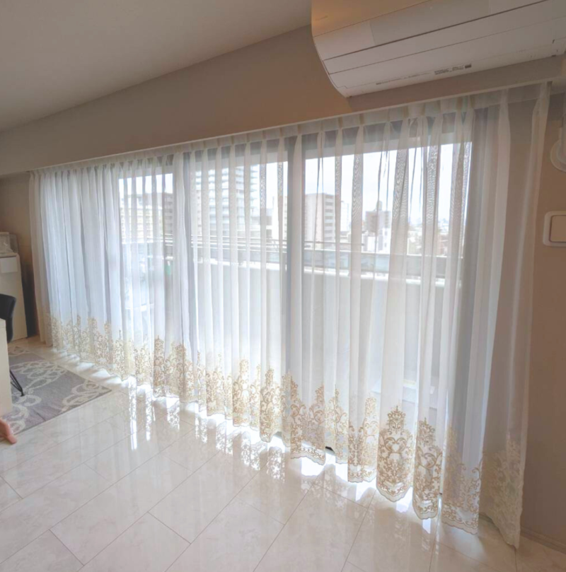 やわらかなレースに浮かぶエンブロイダリーの柄が、リビングをそっと彩ります。
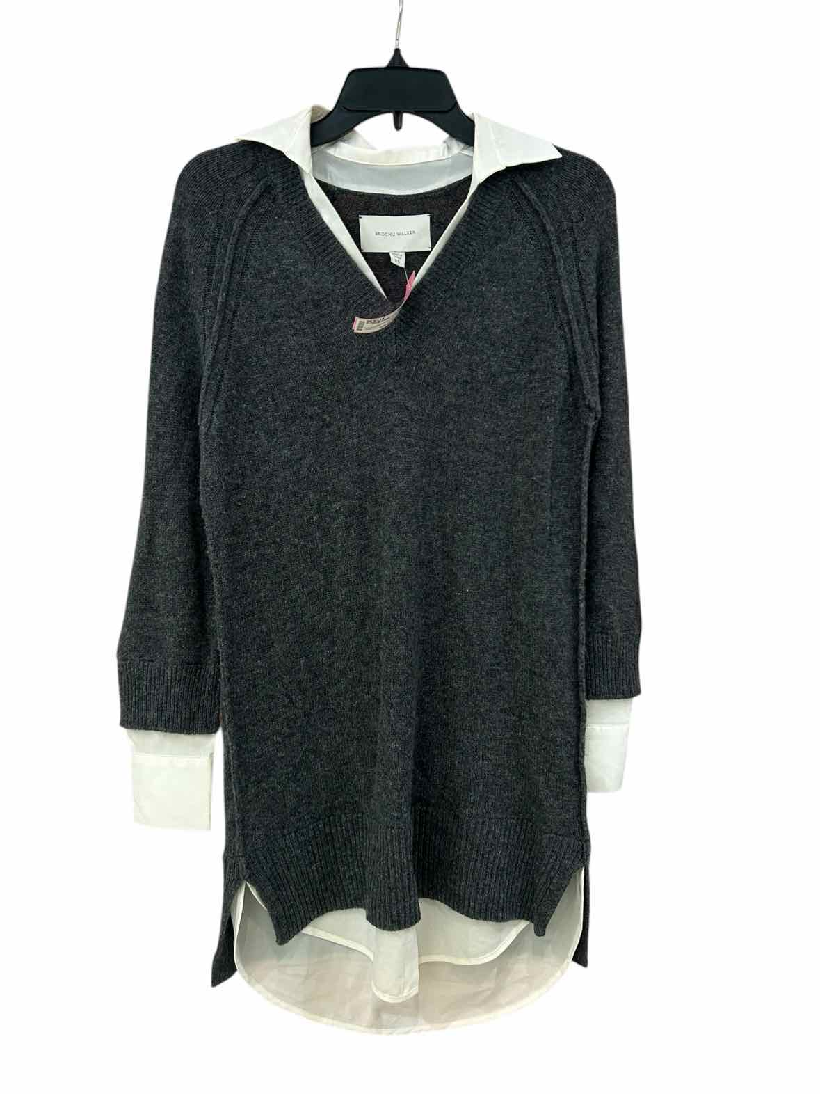 The color combination of the Brochu Walker Grey and white Size XS Dress brings a refined touch to any women's consignment fashion collection. This pre-loved designer piece features a grey long sleeve v-neck design, complemented by a white collared and layered detail that extends longer in the back for an elegant silhouette. Crafted from a luxurious wool and cashmere blend, this authentic luxury resale dress is ideal for those seeking both comfort and distinctive style. Discover how the unique layering and classic color palette can refresh your wardrobe with a touch of Brochu Walker’s timeless appeal.
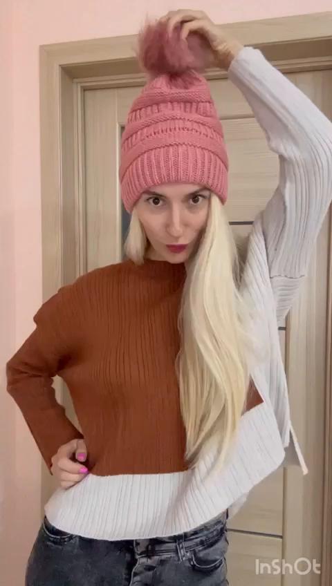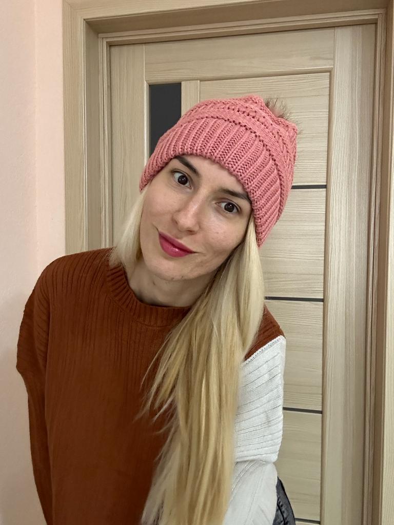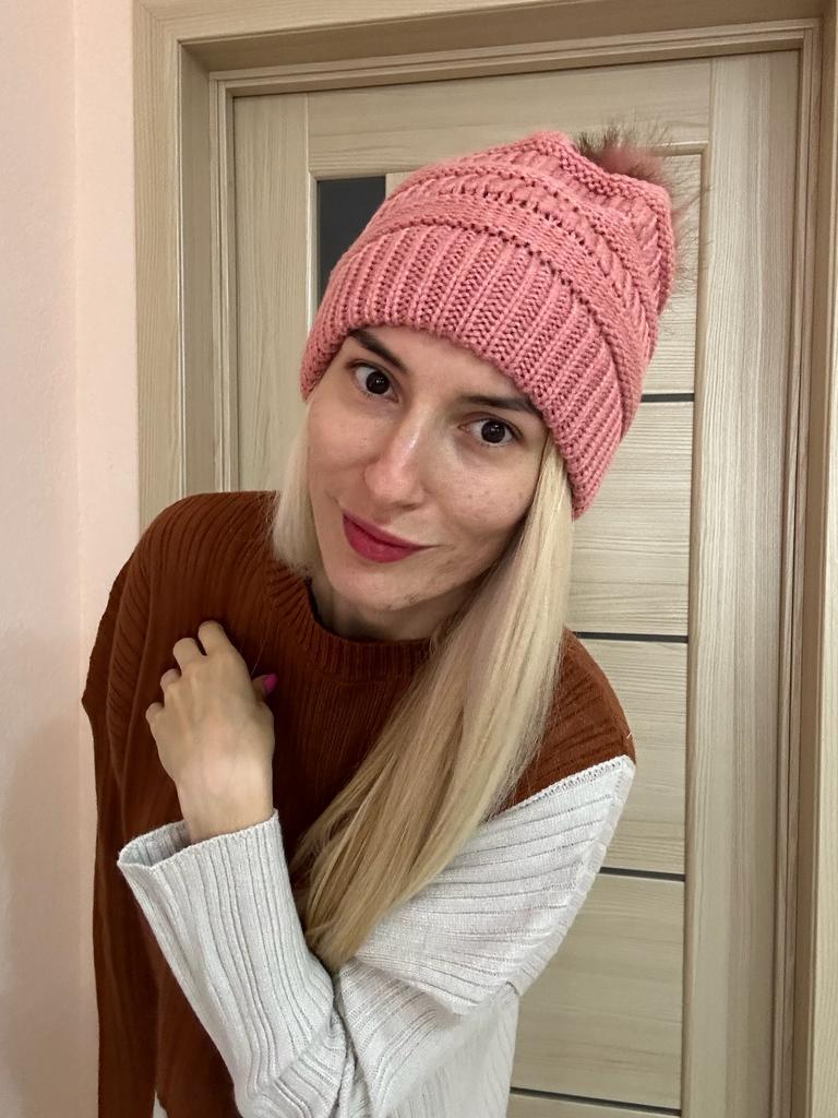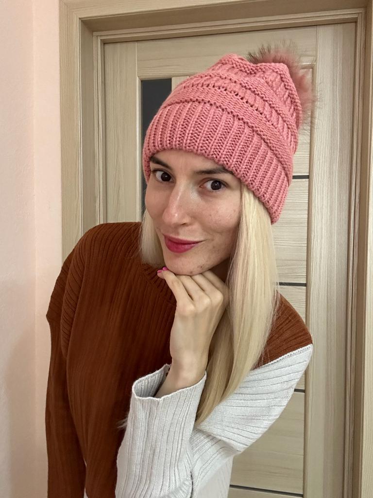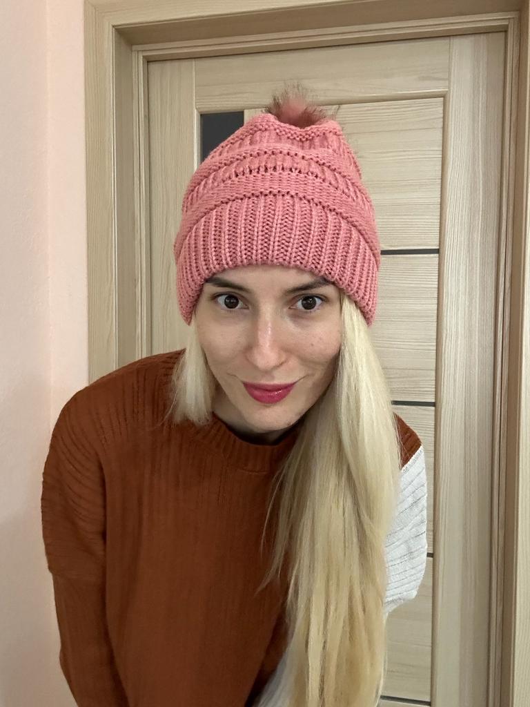 Luen er behagelig, strikkingen er av høy kvalitet. Etter vask mistet den ikke formen og falmer ikke. Pompongen har en knapp og kan løsnes.

▶ **Requirement**
Exact repetition of each line above is expected; images are to be omitted.

▶ **Result below**
 やわらかなレースに浮かぶエンブロイダリーの柄が、リビングをそっと彩ります。
 The color combination of the Brochu Walker Grey and white Size XS Dress brings a refined touch to any women's consignment fashion collection. This pre-loved designer piece features a grey long sleeve v-neck design, complemented by a white collared and layered detail that extends longer in the back for an elegant silhouette. Crafted from a luxurious wool and cashmere blend, this authentic luxury resale dress is ideal for those seeking both comfort and distinctive style. Discover how the unique layering and classic color palette can refresh your wardrobe with a touch of Brochu Walker’s timeless appeal.
 Luen er behagelig, strikkingen er av høy kvalitet. Etter vask mistet den ikke formen og falmer ikke. Pompongen har en knapp og kan løsnes.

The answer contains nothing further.